Here’s where you should start: Begin by collecting relevant data from Google Analytics or another measurement tool by generating a report on the pages that drive the most traffic.

When optimizing, it’s important that a significant amount of people visit a particular page to ensure the sample size is large enough to grasp if a change had any impact. (If you’re not getting the traffic you need, that’s another problem — and we’ve got solutions for that, too — that you may want to tackle first.)

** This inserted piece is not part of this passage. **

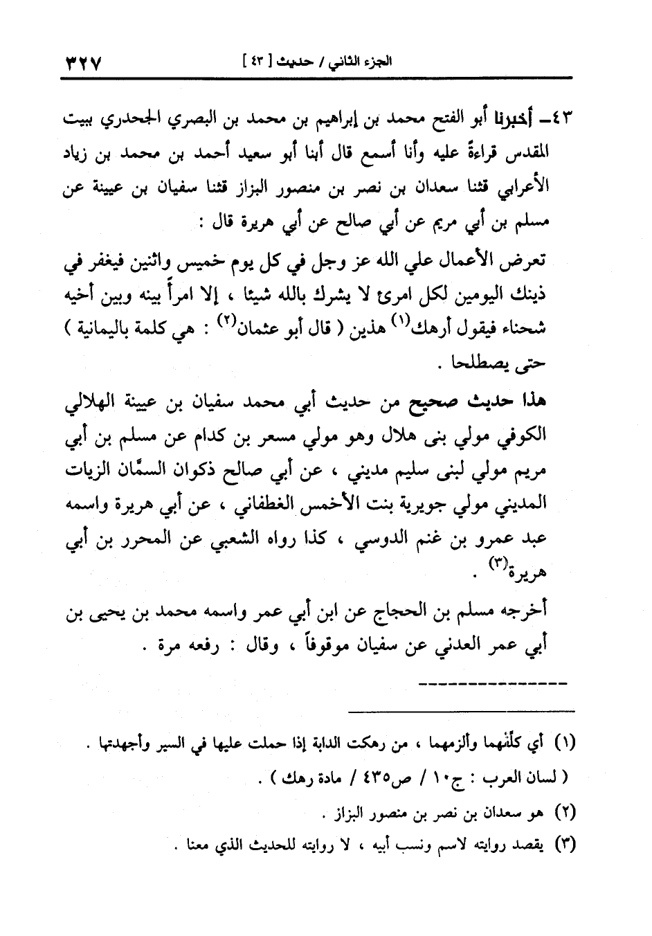 43-[44] أَخْبَرَنَا أَبُو الْفَتْحِ مُحَمَّدُ بْنُ إِبْرَاهِيمَ بْنِ مُحَمَّدِ بْنِ الْبَصْرِيِّ الْجَحْدَرِيُّ بِبَيْتِ الْمَقْدِسِ قِرَاءَةً عَلَيْهِ وَأَنَا أَسْمَعُ قال أبنا أَبُو سَعِيدٍ أَحْمَدُ بْنُ مُحَمَّدِ بْنِ زِيَادٍ الأَعْرَابِيَّ قال: ثنا سعدان بن نصر بن منصور البزار قال: ثنا سُفْيَانُ بْنُ عُيَيْنَةَ عَنْ مُسْلِمِ بْنِ أَبِي مَرْيَمَ عَنْ أَبِي صَالِحٍ عَنْ أَبِي هُرَيْرَةَ قَالَ: تُعْرَضُ الأَعْمَالُ عَلَى اللَّهِ عَزَّ وَجَلَّ فِي كُلِّ يَوْمِ خَمِيسٍ وَاثْنَيْنِ فَيَغْفِرُ فِي ذَيْنِكَ الْيَوْمَيْنِ لِكُلِّ امْرِئٍ لا يُشْرِكُ بِاللَّهِ شيئا إلا امرأ بَيْنَهُ وَبَيْنَ أَخِيهِ شَحْنَاءُ فَيَقُولُ ارْهكْ هَذَيْنِ

First: In Google Analytics, visit the Behavior report, then Site Content and finally All Pages and reference the pageviews and unique pageviews columns to find the most trafficked pages on your website. As a general rule, you’ll want to look at pages with at least 1,000 pageviews per month (consistently — don’t let a banner month skew your results), but ideally, something with 20,000 or more visits is ideal if you’re wanting results more quickly. Less than that, and CRO is hard to accomplish, since the sample size is just too small — in that case, you’re better off reviewing your audience targeting and engagement strategy, as you may have a different marketing problem at hand. Essentially, the more traffic you have, the less time you need to run your tests to get actionable results. You can still do CRO at the lower end of the pageview count spectrum, but you’ll have to commit to running a test for a week or a month, rather than a few days. 

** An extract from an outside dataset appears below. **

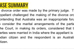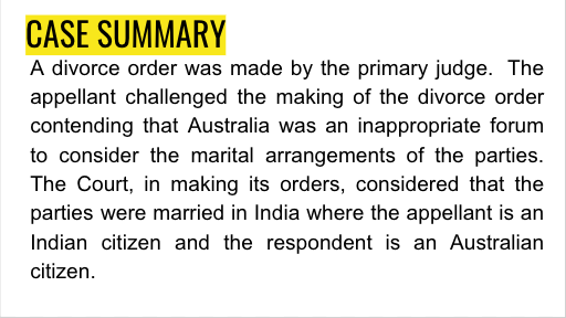 A divorce order was made by the primary judge. The appellant challenged the making of the divorce order contending that Australia was an inappropriate forum to consider the marital arrangements of the parties. The Court, in making its orders, considered that the parties were married in India where the appellant is an Indian citizen and the respondent is an Australian citizen.

Then: Create another report highlighting the pages that drive the most conversions, whether that’s sales, downloads or another goal. Determine the results each page is driving by setting up goal tracking with Google Analytics. 

Conversion rate is then calculated by dividing conversions by traffic. So, if 100 conversions happen on a page with 1,000 pageviews, your conversion rate is 10%. This is your benchmark — what you’re trying to improve, ideally, and what you’ll judge your tests by. 

Start Asking the Right Questions

Next, it’s time to narrow down the list you’ve created of highly trafficked and high-converting pages by coming up with viable questions to ask about improving the performance of certain pages, which inform the focus of your A/B tests. Put yourself in the customer’s shoes and look for faults in the flow of your website’s buyer’s journey and UX. Now’s the time to be critical — and to look for even small details.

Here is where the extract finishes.